> **INPUT**:
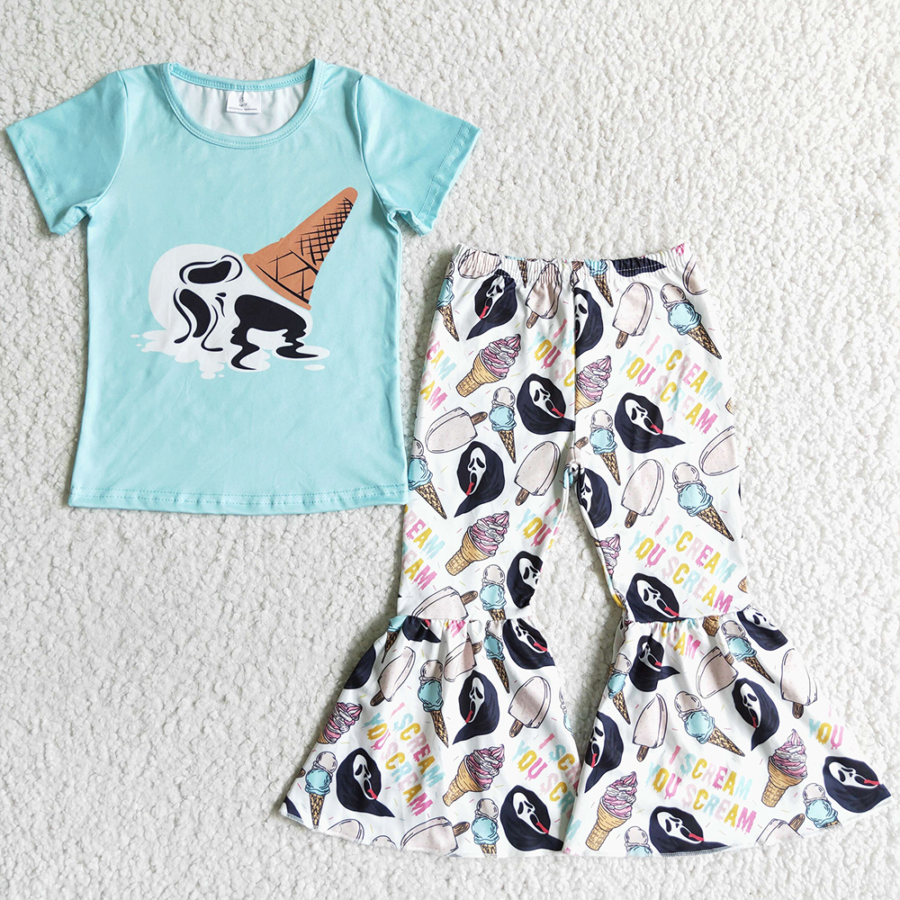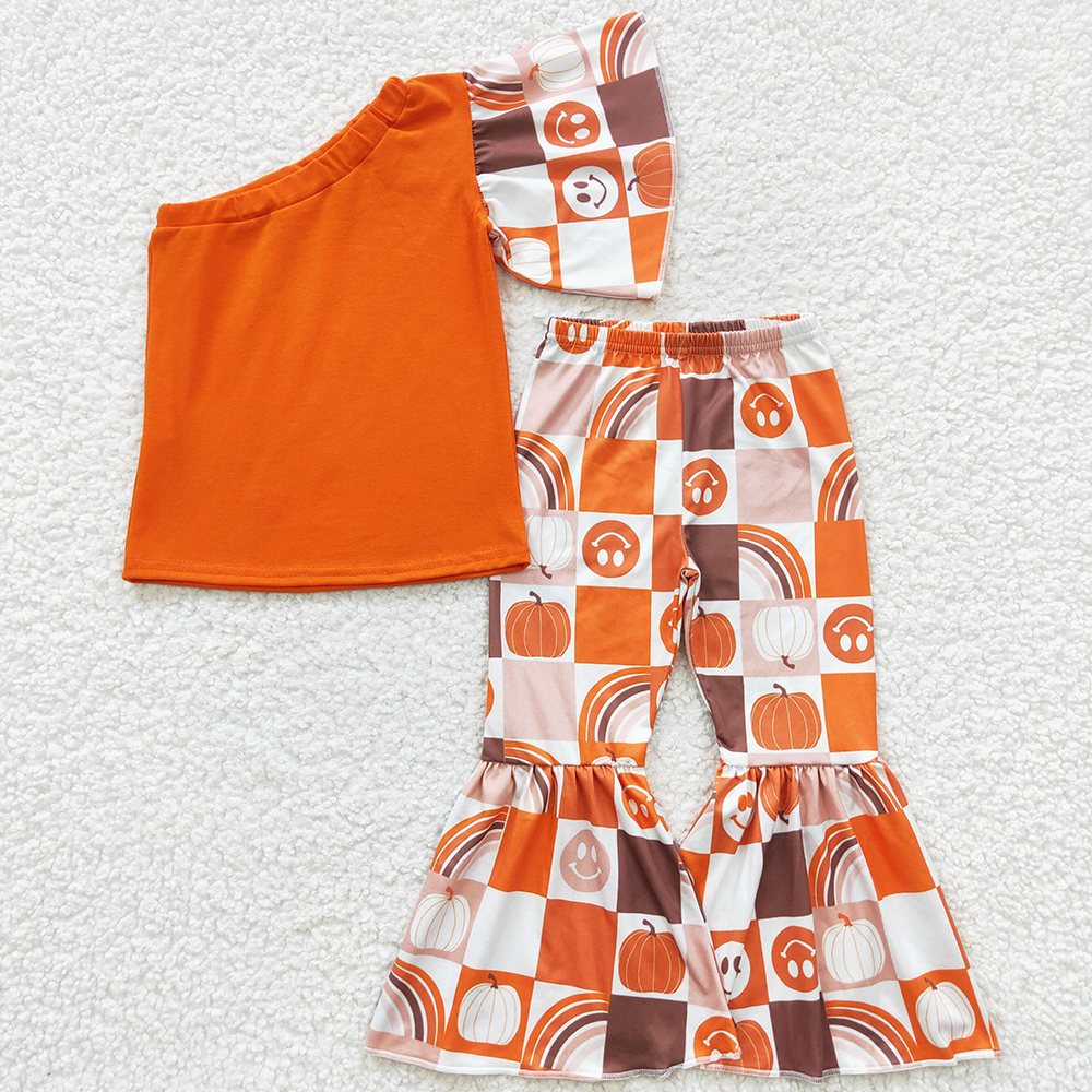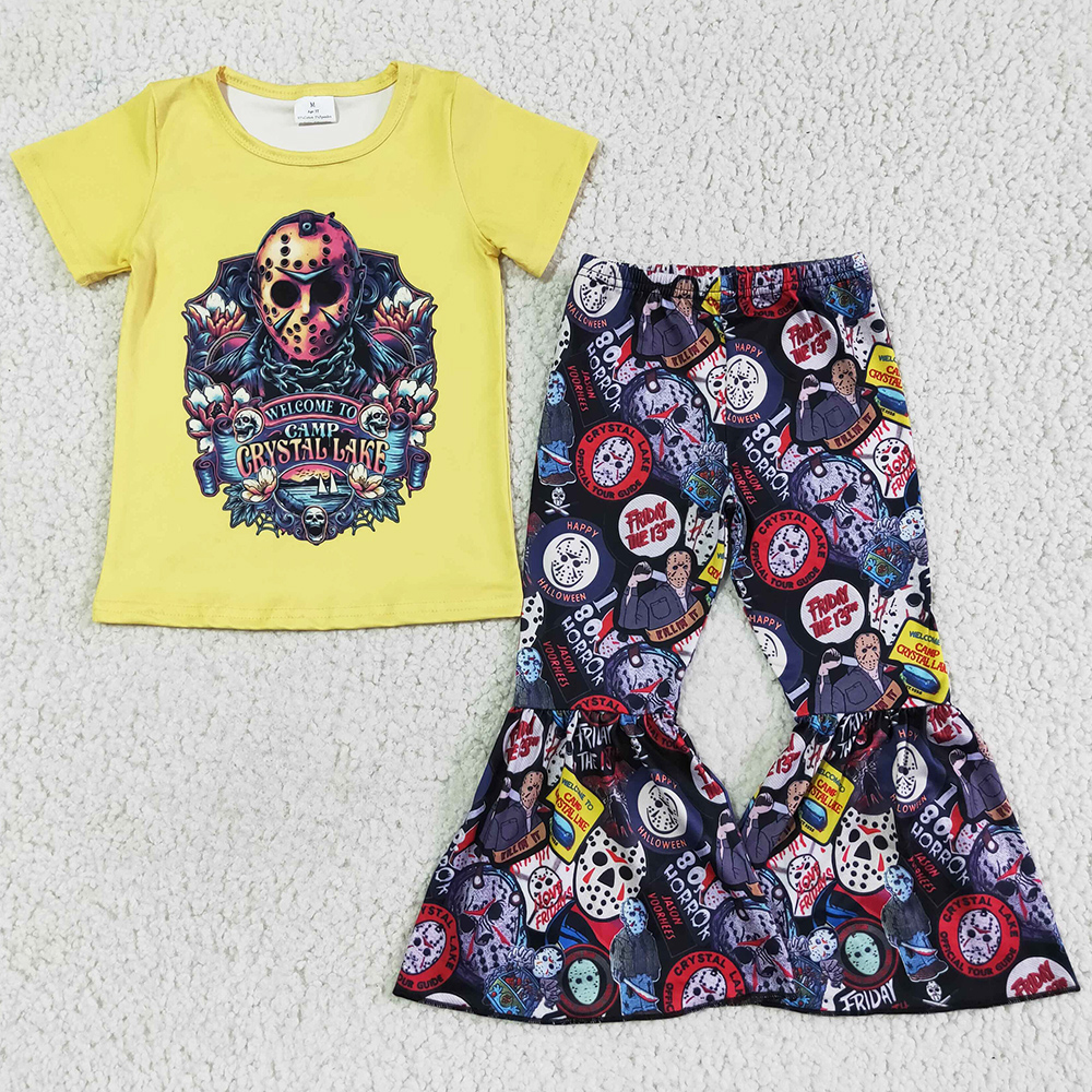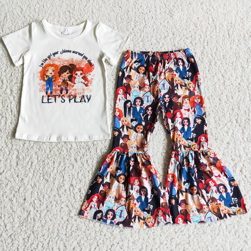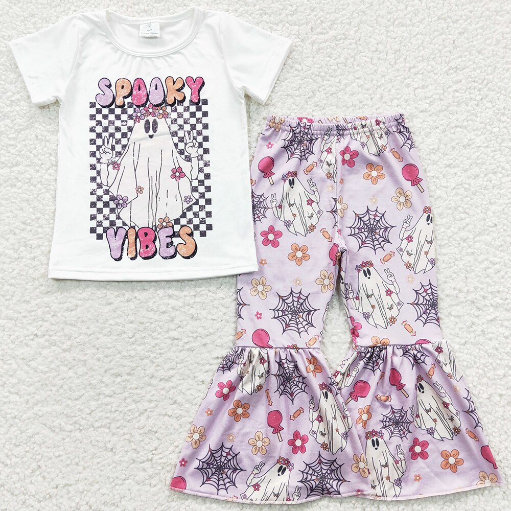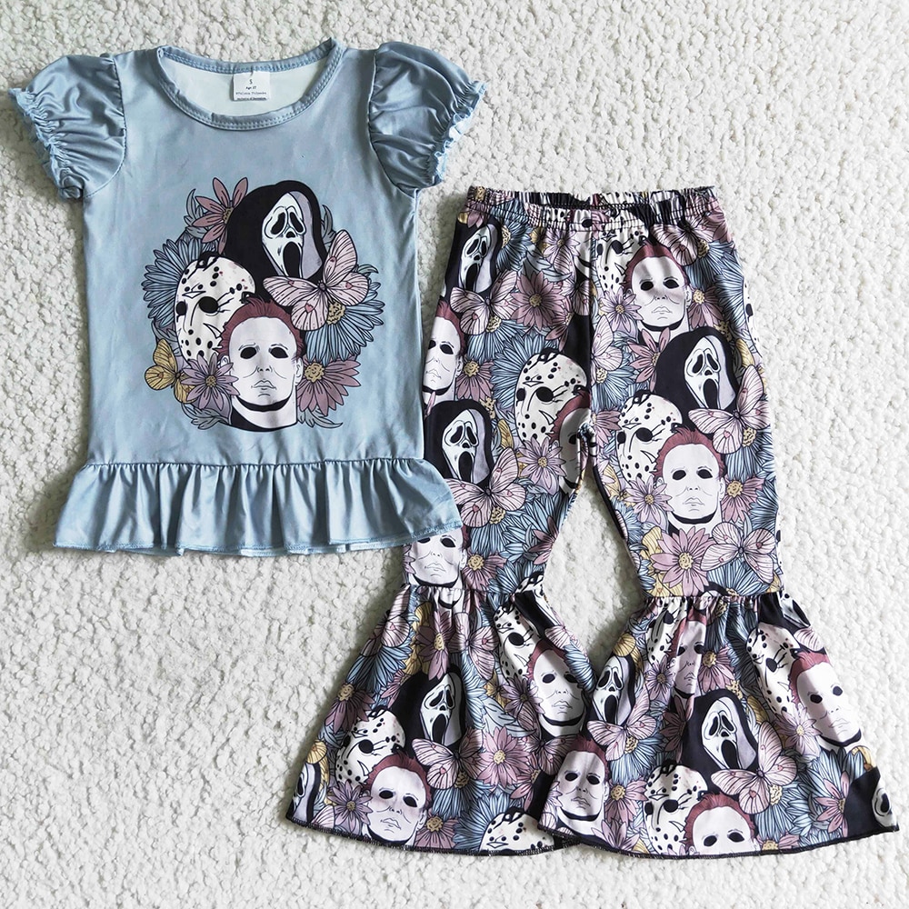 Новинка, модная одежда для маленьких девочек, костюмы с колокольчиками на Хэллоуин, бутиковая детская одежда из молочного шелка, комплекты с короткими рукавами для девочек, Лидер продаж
--
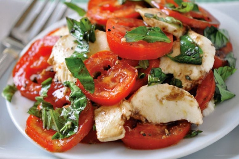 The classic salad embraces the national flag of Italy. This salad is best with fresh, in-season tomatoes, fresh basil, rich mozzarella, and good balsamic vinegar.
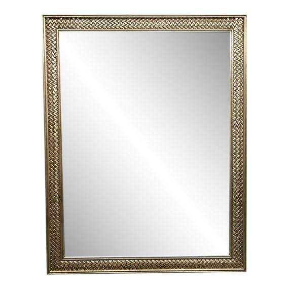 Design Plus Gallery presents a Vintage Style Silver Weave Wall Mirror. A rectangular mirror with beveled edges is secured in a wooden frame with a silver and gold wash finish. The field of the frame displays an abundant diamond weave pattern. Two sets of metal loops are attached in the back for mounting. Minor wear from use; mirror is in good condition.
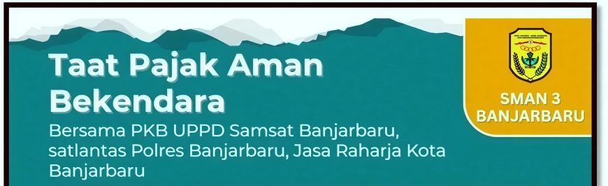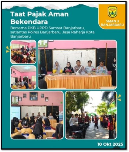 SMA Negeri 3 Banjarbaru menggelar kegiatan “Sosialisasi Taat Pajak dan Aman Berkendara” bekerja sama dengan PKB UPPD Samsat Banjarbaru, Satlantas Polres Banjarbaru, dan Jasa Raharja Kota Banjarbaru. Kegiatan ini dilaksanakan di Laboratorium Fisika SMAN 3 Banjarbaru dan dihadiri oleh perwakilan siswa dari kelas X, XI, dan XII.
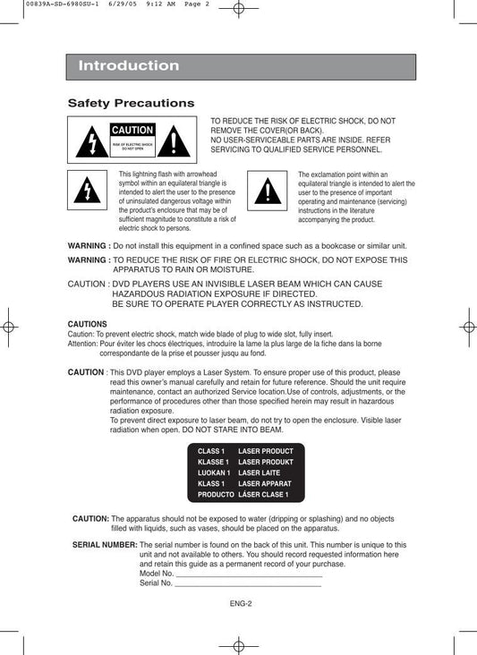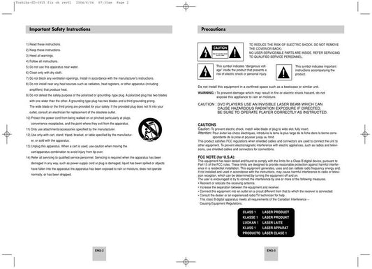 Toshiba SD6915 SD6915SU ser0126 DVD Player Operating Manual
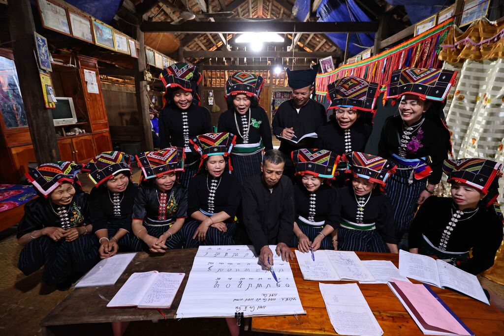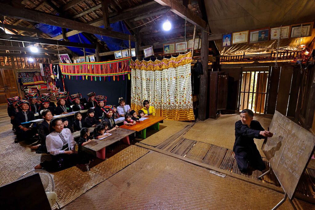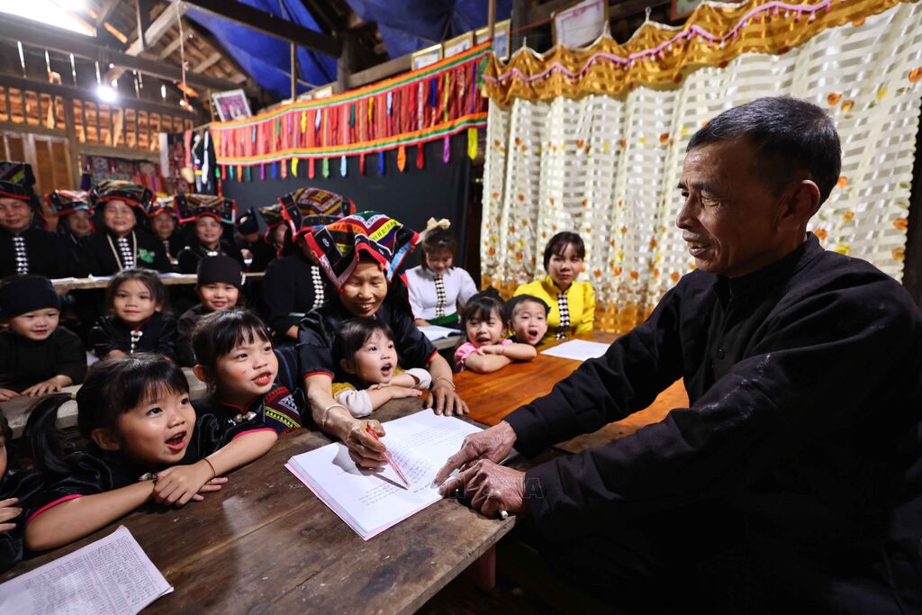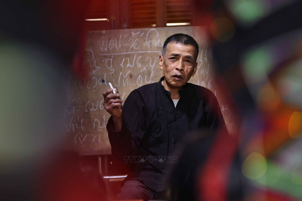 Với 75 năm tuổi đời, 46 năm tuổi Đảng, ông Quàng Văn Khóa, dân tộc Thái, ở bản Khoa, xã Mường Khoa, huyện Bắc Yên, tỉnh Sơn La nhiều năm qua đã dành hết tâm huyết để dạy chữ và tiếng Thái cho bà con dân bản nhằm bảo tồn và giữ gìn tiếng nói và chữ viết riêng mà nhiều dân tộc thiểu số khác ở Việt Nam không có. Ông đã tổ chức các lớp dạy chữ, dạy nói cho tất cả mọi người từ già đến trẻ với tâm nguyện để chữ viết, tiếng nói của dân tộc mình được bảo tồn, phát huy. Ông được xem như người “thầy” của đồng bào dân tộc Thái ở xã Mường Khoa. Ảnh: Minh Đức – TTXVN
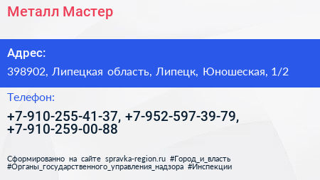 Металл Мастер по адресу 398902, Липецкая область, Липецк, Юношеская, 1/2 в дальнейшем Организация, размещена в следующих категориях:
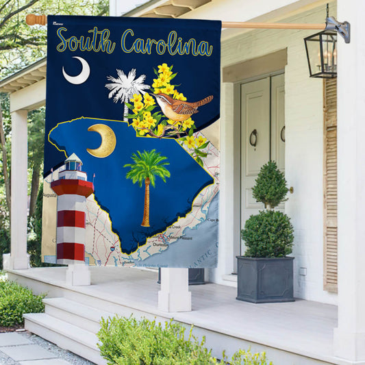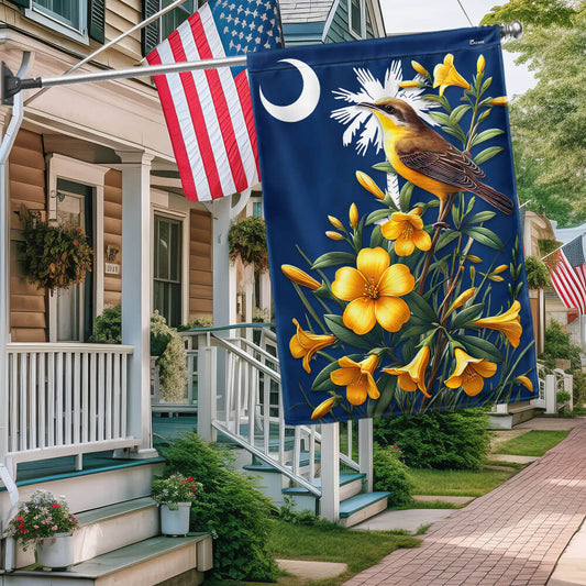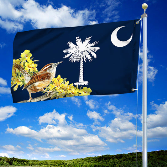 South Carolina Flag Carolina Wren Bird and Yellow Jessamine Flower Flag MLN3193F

> **WHAT THE TASK REQUIRES**:
Return only the stretch above from the line containing "SMA Negeri 3" through the line containing "South Carolina Flag", word for word and without pictures.

> **SOLUTION FOR THIS TASK**:
 SMA Negeri 3 Banjarbaru menggelar kegiatan “Sosialisasi Taat Pajak dan Aman Berkendara” bekerja sama dengan PKB UPPD Samsat Banjarbaru, Satlantas Polres Banjarbaru, dan Jasa Raharja Kota Banjarbaru. Kegiatan ini dilaksanakan di Laboratorium Fisika SMAN 3 Banjarbaru dan dihadiri oleh perwakilan siswa dari kelas X, XI, dan XII.
 Toshiba SD6915 SD6915SU ser0126 DVD Player Operating Manual
 Với 75 năm tuổi đời, 46 năm tuổi Đảng, ông Quàng Văn Khóa, dân tộc Thái, ở bản Khoa, xã Mường Khoa, huyện Bắc Yên, tỉnh Sơn La nhiều năm qua đã dành hết tâm huyết để dạy chữ và tiếng Thái cho bà con dân bản nhằm bảo tồn và giữ gìn tiếng nói và chữ viết riêng mà nhiều dân tộc thiểu số khác ở Việt Nam không có. Ông đã tổ chức các lớp dạy chữ, dạy nói cho tất cả mọi người từ già đến trẻ với tâm nguyện để chữ viết, tiếng nói của dân tộc mình được bảo tồn, phát huy. Ông được xem như người “thầy” của đồng bào dân tộc Thái ở xã Mường Khoa. Ảnh: Minh Đức – TTXVN
 Металл Мастер по адресу 398902, Липецкая область, Липецк, Юношеская, 1/2 в дальнейшем Организация, размещена в следующих категориях:
 South Carolina Flag Carolina Wren Bird and Yellow Jessamine Flower Flag MLN3193F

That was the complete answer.